» **What is needed**
Return the listing below unchanged, but without pictures.

» **Exercise data**
++++++
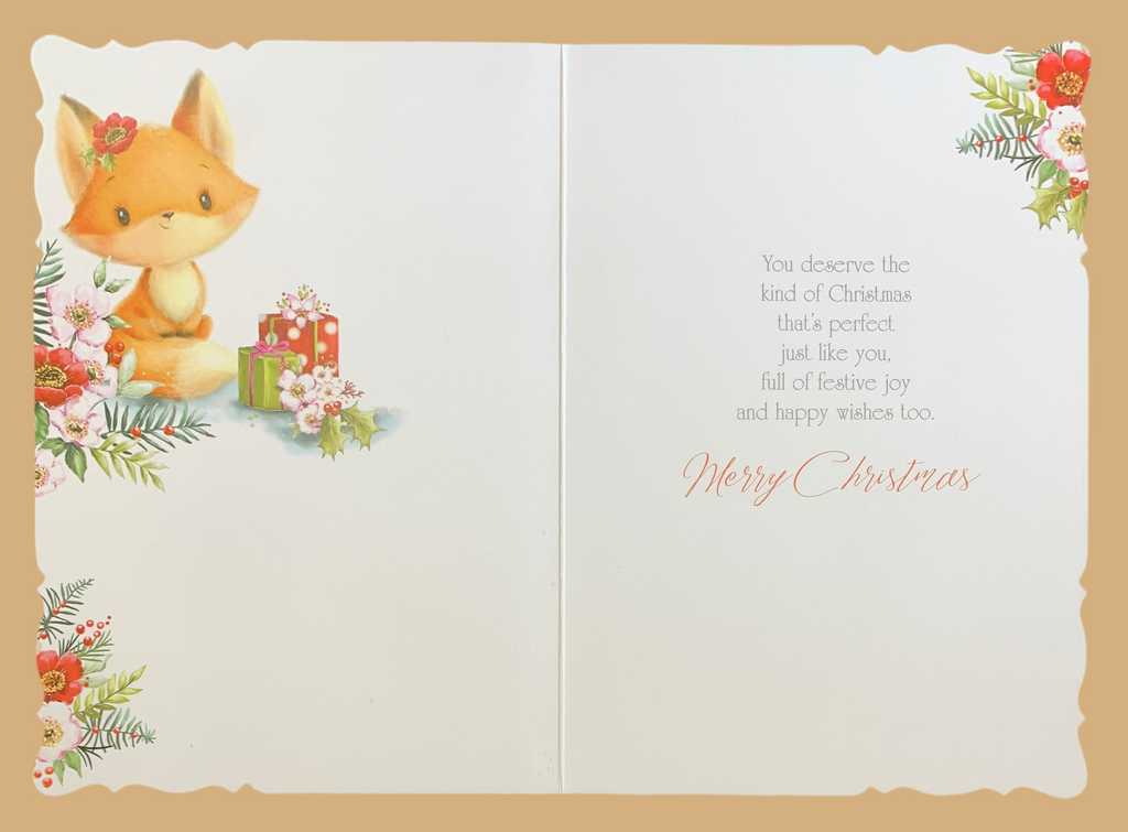 Wish your friend a wonderful Christmas with this cute special friend Christmas card. The special friend Christmas card features a cute festive fox and floral design with a red foil finish and full colour print inside. This greeting card is designed in the UK.
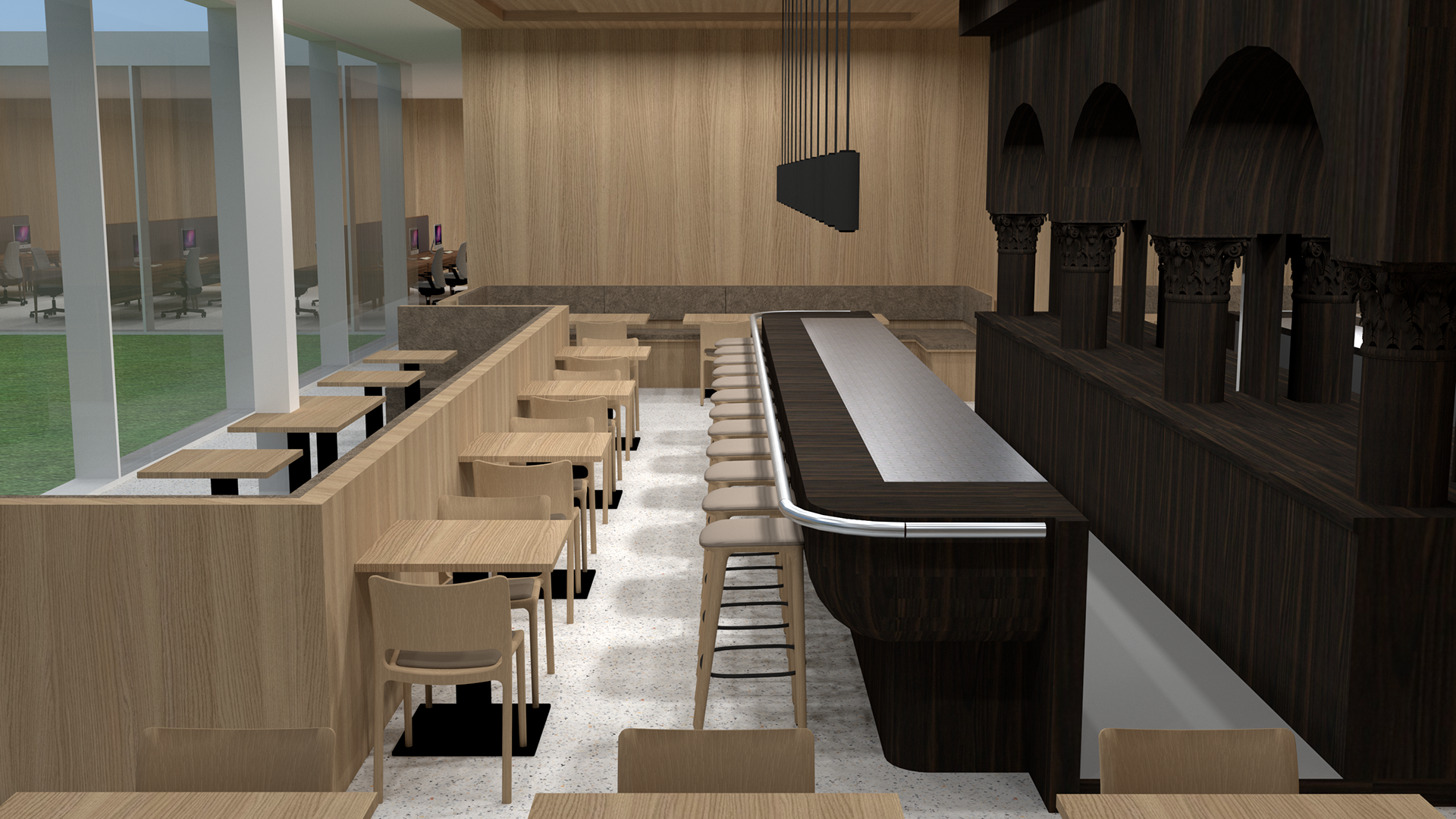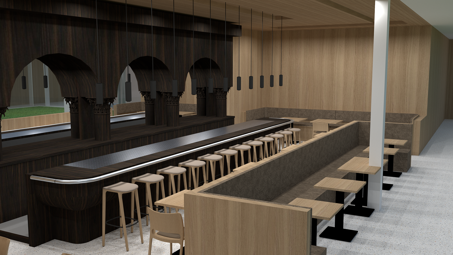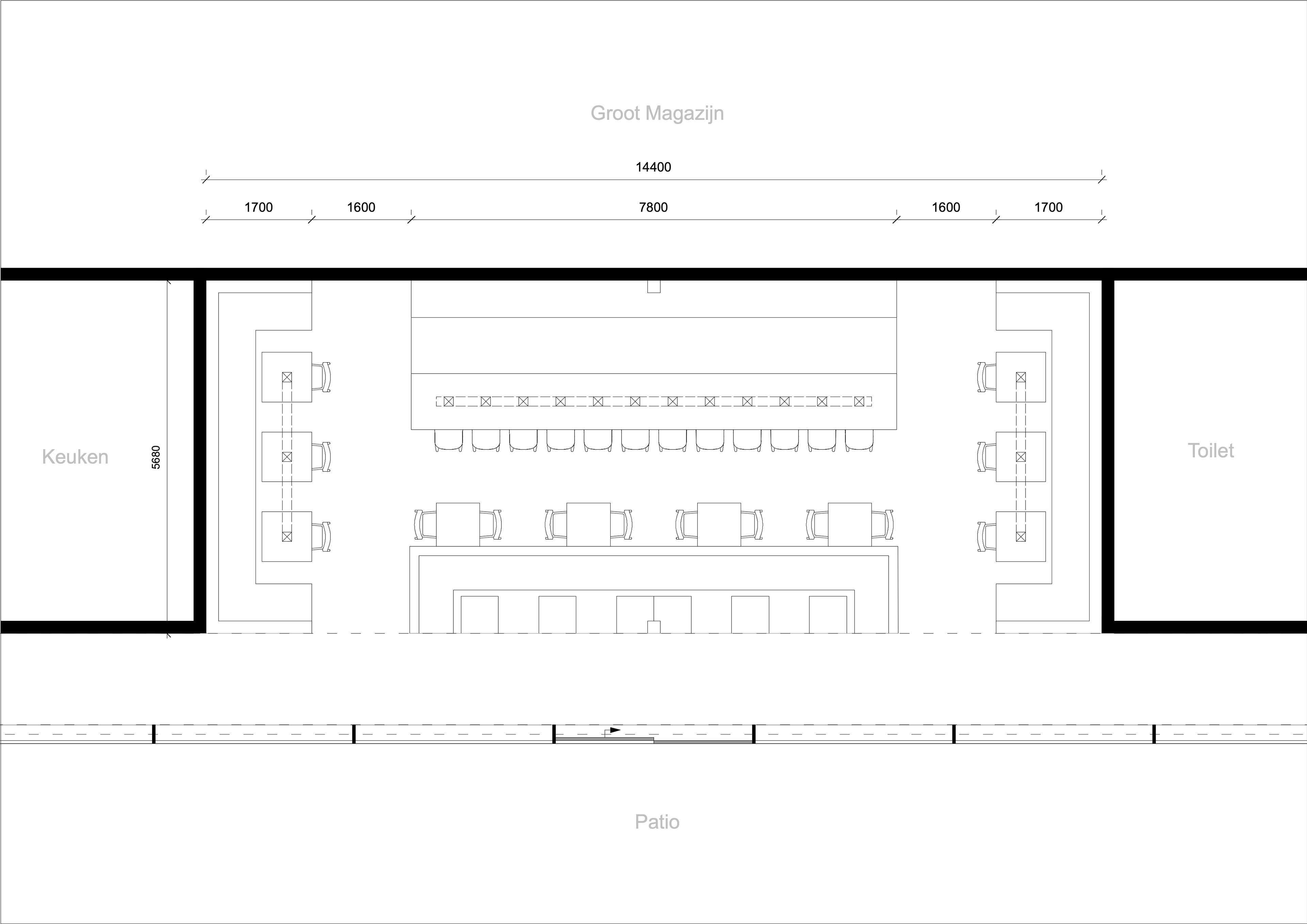 De ruimte is eenvoudig qua opzet. Links en recht vaste banken met kleine tafels. Centraal ook een vaste bank gericht op de patio. Achter de bank een rij kleine tafels.
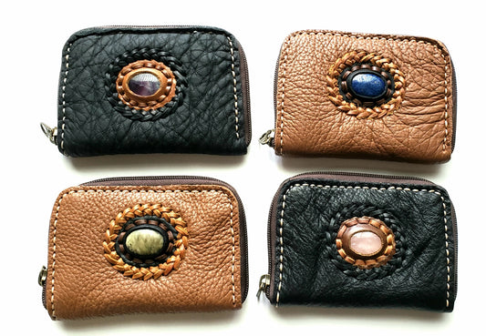 Handmade genuine pebble grain leather zipper wallet with precious stone accent
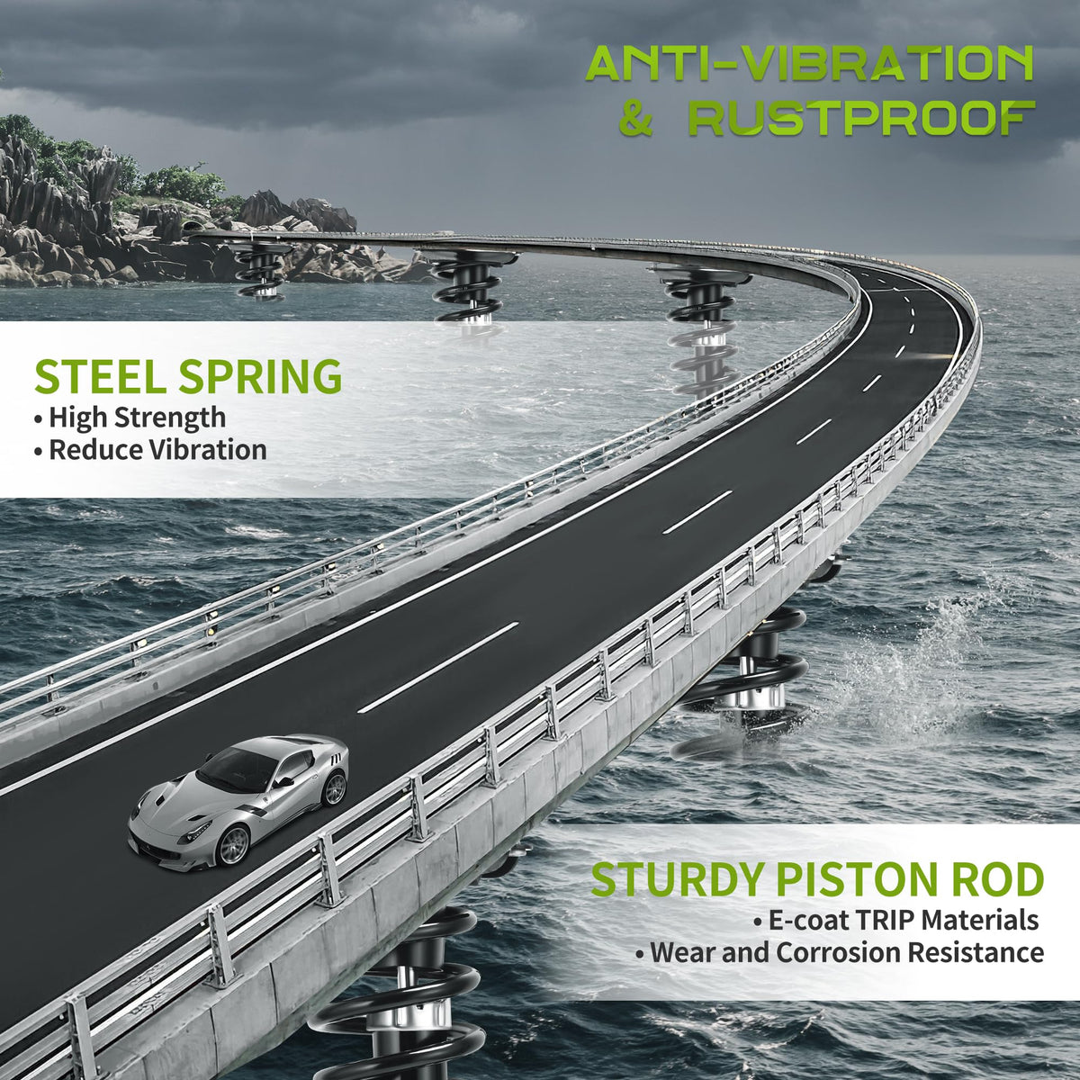 Vehicle Compatibility: The pair of quick struts is compatible with 2009-2013 Corolla, 2009-2013 Matrix, 2009-2010 Pontiac Vibe | Safe & Simple Installation: Features buckle holes that correspond with existing ones in the vehicle, so it can be easily replaced without disassembling previous strut structure | Up to standard: Complete package includes struts, coil springs (if needed), mount, boot, bumper kit, spring seat, and isolator. All components are built to meet performance requirements | Replacement Part Numbers: 172599R, 172599L | Existing struts should be replaced if your vehicle: 1) makes abnormal sounds, 2) dips when carrying heavy loads or driving on poor roads, 3 suffers tire wear, 4) is difficult to control, 5) has poor stability(NOTE: Professional installation would be highly recommended)
++++++
» **Written answer**
 Wish your friend a wonderful Christmas with this cute special friend Christmas card. The special friend Christmas card features a cute festive fox and floral design with a red foil finish and full colour print inside. This greeting card is designed in the UK.
 De ruimte is eenvoudig qua opzet. Links en recht vaste banken met kleine tafels. Centraal ook een vaste bank gericht op de patio. Achter de bank een rij kleine tafels.
 Handmade genuine pebble grain leather zipper wallet with precious stone accent
 Vehicle Compatibility: The pair of quick struts is compatible with 2009-2013 Corolla, 2009-2013 Matrix, 2009-2010 Pontiac Vibe | Safe & Simple Installation: Features buckle holes that correspond with existing ones in the vehicle, so it can be easily replaced without disassembling previous strut structure | Up to standard: Complete package includes struts, coil springs (if needed), mount, boot, bumper kit, spring seat, and isolator. All components are built to meet performance requirements | Replacement Part Numbers: 172599R, 172599L | Existing struts should be replaced if your vehicle: 1) makes abnormal sounds, 2) dips when carrying heavy loads or driving on poor roads, 3 suffers tire wear, 4) is difficult to control, 5) has poor stability(NOTE: Professional installation would be highly recommended)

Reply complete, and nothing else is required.